En con­clu­sion, con­solidées par des échanges qui ont per­mis de se con­naître et par un cer­tain for­mal­isme juridique (cha­cun étant action­naire, les échanges sont for­mal­isés dans un pacte d’ac­tion­naires), ces rela­tions actionnaire/dirigeant dans un LBO, on l’a vu, sont très dif­férentes de celles qui ont cours dans une entre­prise cotée. Elles con­stituent incon­testable­ment un des piliers du suc­cès des LBOs dans les dernières années sur au moins deux plans.

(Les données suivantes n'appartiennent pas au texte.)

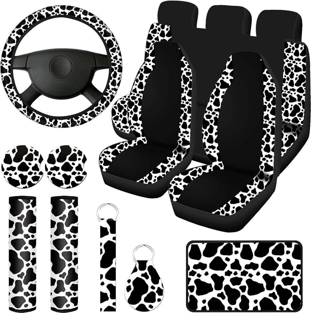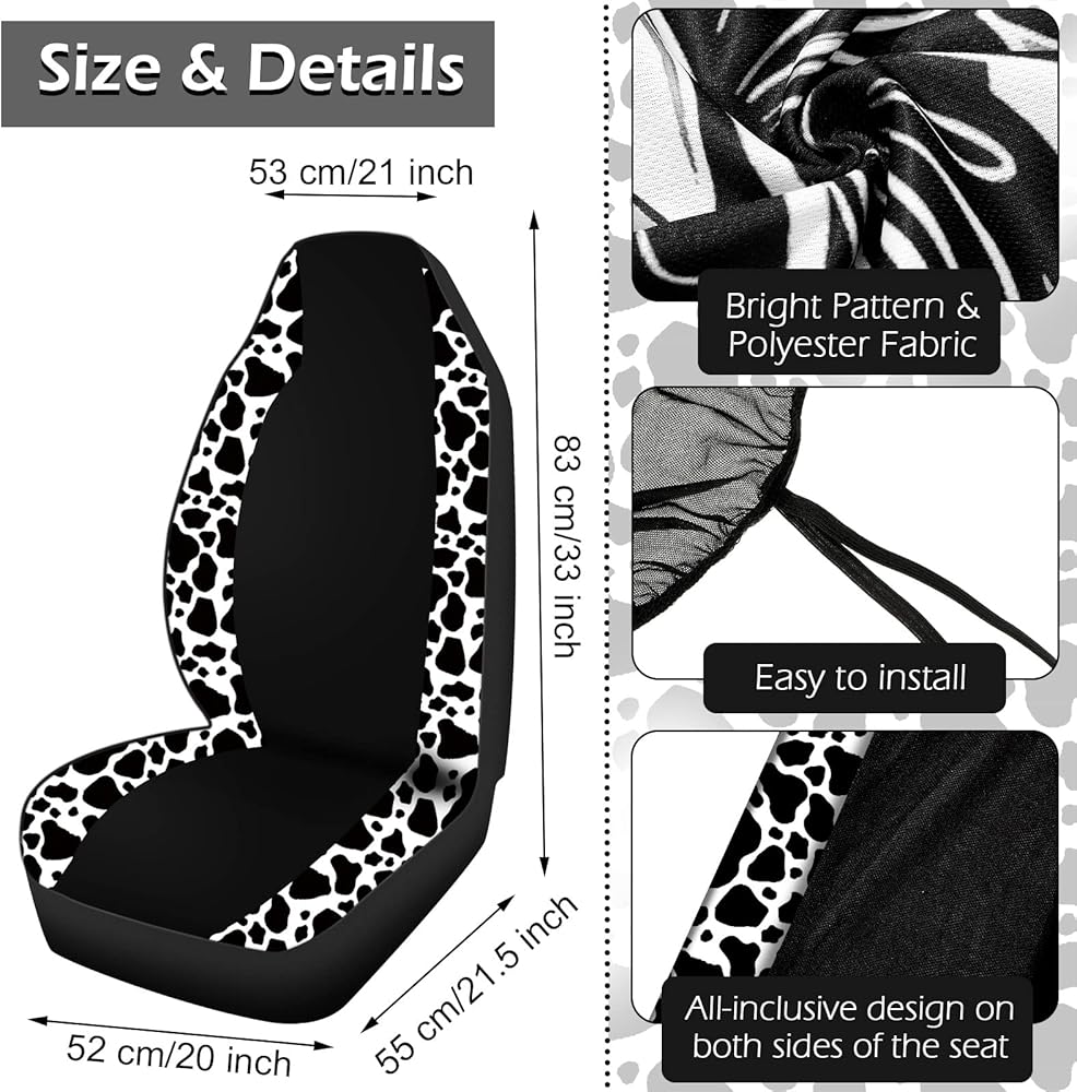 Lovely Cow Craftsmanship: our cow print car seat covers full set adopts exquisite cow print design style, simple yet elegant, lovely and lively, which can match the interior environment of most cars and appeals to the taste of many men and women; These accessories can not only decorate your car, but also prevent your car from dust, tear, water, stains and more
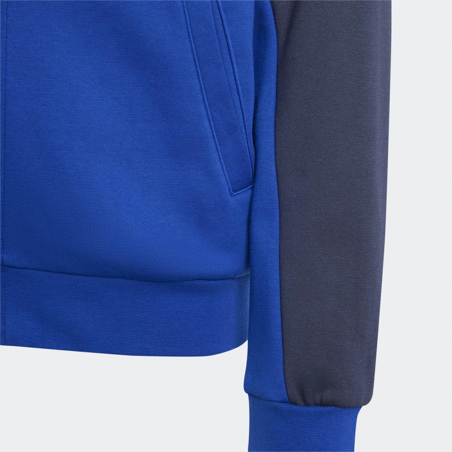 Warm-up to cool-down to hanging out, this juniors’ track suit gets you through your busy day in comfort. Nothing unnecessary. Just the essentials. Like soft fleece that feels warm and cosy and adidas Badge of Sport logos. You’re good to go.Made in part with recycled content generated from production waste, e.g. cutting scraps, and post-consumer household waste to avoid the larger environmental impact of producing virgin content.
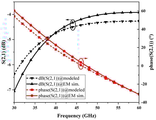 Based on the structure of the Marchand balun, its simplified equivalent circuit model can be proposed as shown in Figure 3b, where LP1 and LS1 are the self-inductance of the primary and secondary coils, k is the coupling coefficient between the primary and secondary coils, RP1 and RS1 are the parasitic resistances of the primary and secondary coils, CC is the coupling capacitance between the primary and secondary coils, CP1 and CS1 are the parasitic capacitances between the coils and the substrate, and LC is the inductance of the compensating line; the values of the parameters of each device are shown in Table 1. The main parameters of the Marchand balun used in the matching network include a line width of 2 μm, a line gap of 2 μm, and an outer width of the coil of 42 μm, and the number of coils is 1.75 turns. The equivalent circuit model of the Marchand balun is compared with the electromagnetic (EM) simulation results, as shown in Figure 4, and the model can fit the EM simulation results well.
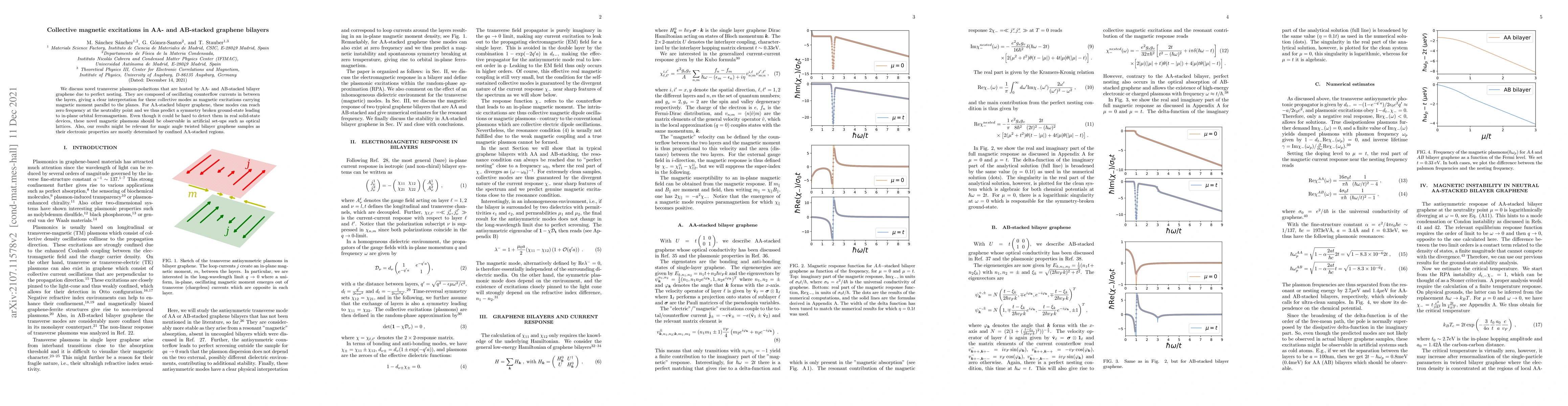 We discuss novel transverse plasmon-polaritons that are hosted by AA- and AB-stacked bilayer graphene due to perfect nesting. They are composed of oscillating counterflow currents in between the layers, giving a clear interpretation for these collective modes as magnetic excitations carrying magnetic moment parallel to the planes. For AA-stacked bilayer graphene, these modes can reach zero frequency at the neutrality point and we thus predict a symmetry broken ground-state leading to in-plane orbital ferromagnetism. Even though it could be hard to detect them in real solid-state devices, these novel magnetic plasmons should be observable in artificial set-ups such as optical lattices. Also, our results might be relevant for magic angle twisted bilayer graphene samples as their electronic properties are mostly determined by confined AA-stacked regions.
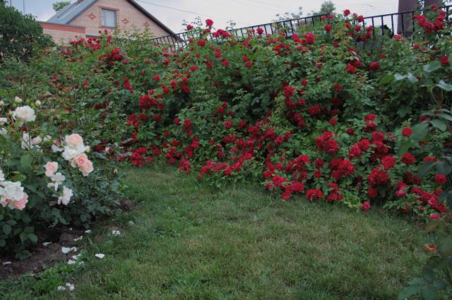 Großblumige Sorten von Kletterrosen brauchen nicht immer Unterstützung. Wenn die Pflanze kräftige aufrechte Stängel hat, die nach Erreichen einer bestimmten Länge hängen und auf dem Gelände genügend Platz vorhanden ist, können Sie sie nicht zusammenbinden. Sie können verwendet werden, um eine schöne Hecke in einem großen Bereich zu bilden, der nicht viel Wartung erfordert. Sie müssen nur berücksichtigen, dass Kletterrosen frei wachsen, daher ist es nicht möglich, einer solchen Hecke eine strenge geometrische Form zu geben.
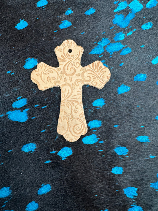 Genuine Leather Tooled Cross Car Charm
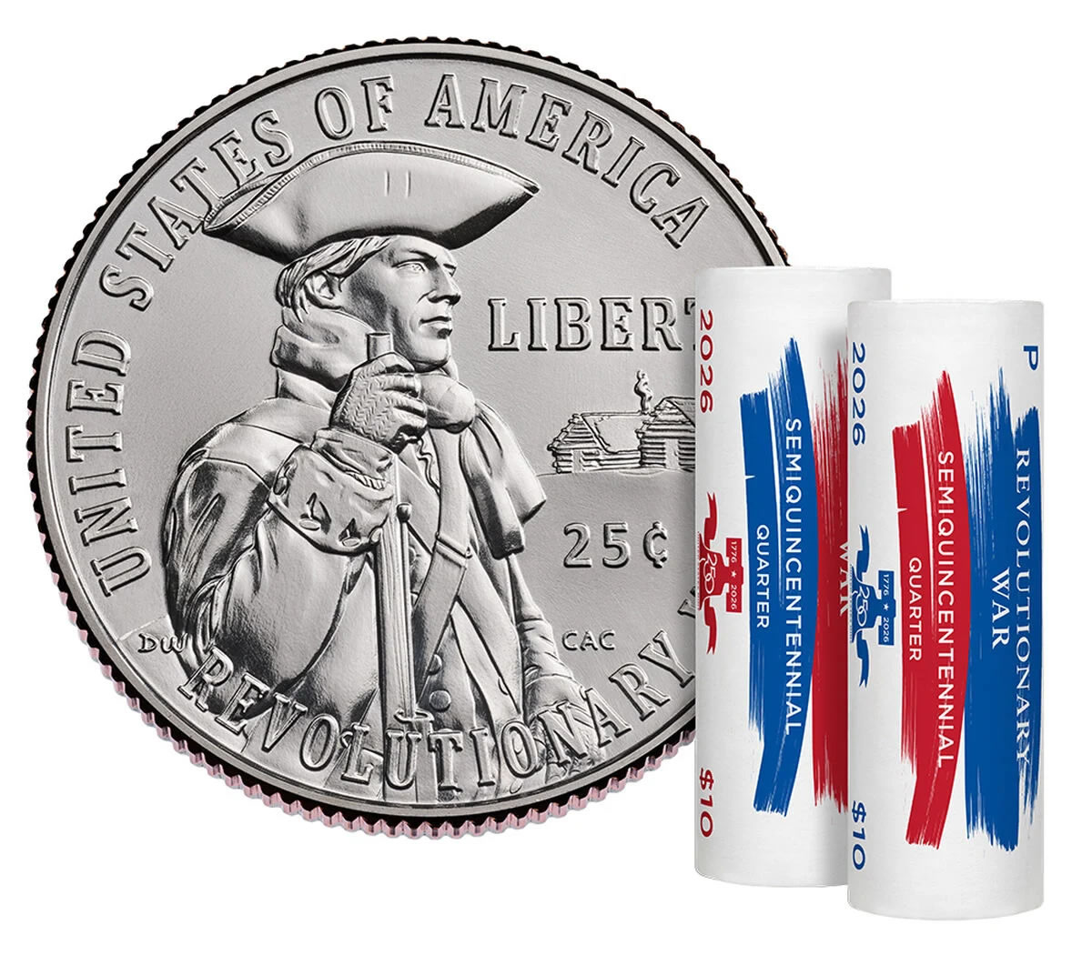 Rolls and bags of the second of five quarter dollars to be issued this year in celebration of the 250th anniversary of American independence debut today at noon ET with the release of the 1776 ~ 2026 Revolutionary War quarter.
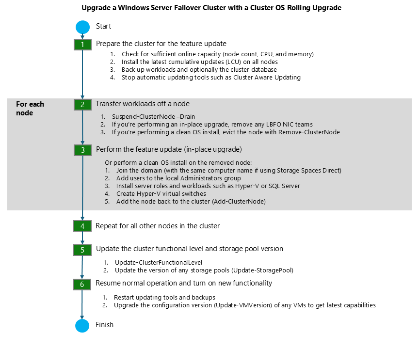This article describes how to manually install a feature update on a Windows Server failover cluster without stopping workloads. The process upgrades one node at a time in a rolling upgrade and is often called a Rolling OS Cluster Upgrade.
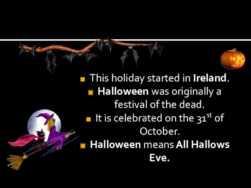 This holiday started in Ireland. Halloween was originally a festival of the dead. It is celebrated on the 31st of October. Halloween means All Hallows Eve.
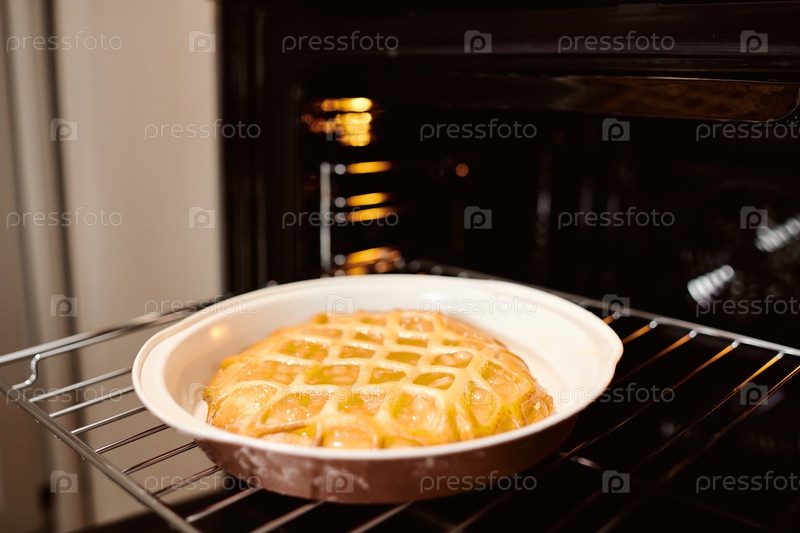 Горячий свежий яблочный пирог в виде выпечки, стоящий на стойках электрической печи
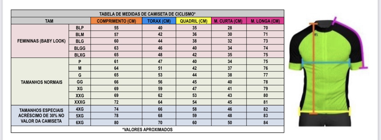 TABELA TAMANHO CAMISETA DE CICLISMO:
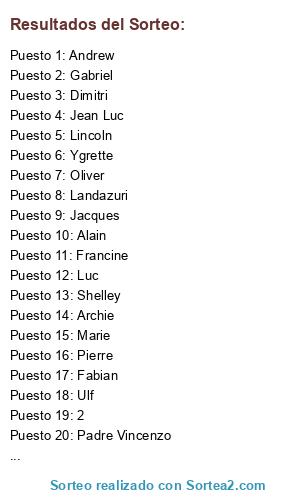 Lista de participantes: Alain, Andrew, Archie, Celia, Dimitri, Fabian, Francine, Gabriel, Gaelle, Jacques, Jean Luc, Landazuri, Lincoln, Luc, Marie, Oliver, Padre Vincenzo, Pierre, Shelley, Ulf, Ygrette, 1, 2.
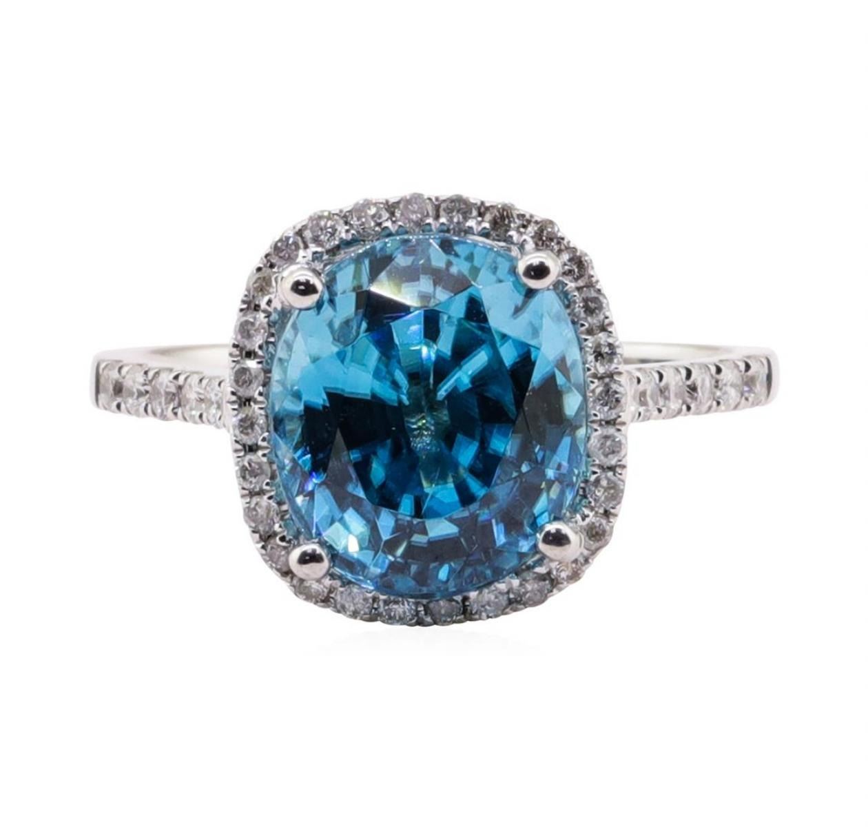 One 4.46ct Blue Zircon and Diamond Ring - 14KT White Gold. AIG certified. See Appraisal for more details. AIG Appraised.
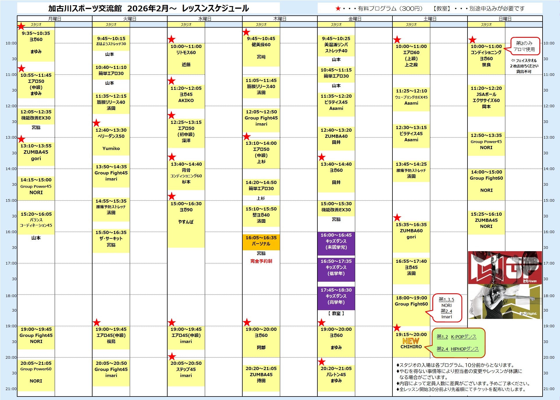 レッスンスケジュールに★マークがついているプログラムの参加は有料です。1階券売機にてウェルネスプログラムチケット(300円)をご購入ください。※定期券をお持ちの方は全スタジオレッスン無料です。

D’abord, la réus­site économique des LBOs en cours : grâce à l’ef­fi­cac­ité plus grande, à l’aligne­ment des intérêts, à la refo­cal­i­sa­tion des esprits, à l’échange con­struc­tif entre des dirigeants et des action­naires impliqués.

Ensuite, l’ac­céléra­tion du nom­bre de LBOs effec­tué chaque année : grâce à l’at­trac­tiv­ité du mod­èle pour les dirigeants (sim­plic­ité, ratio­nal­ité des déci­sions, absence de jeux poli­tiques… et intérêt économique) ; au point que ce nou­veau mod­èle d’ac­tion­nar­i­at séduit un nom­bre crois­sant de dirigeants de sociétés cotés.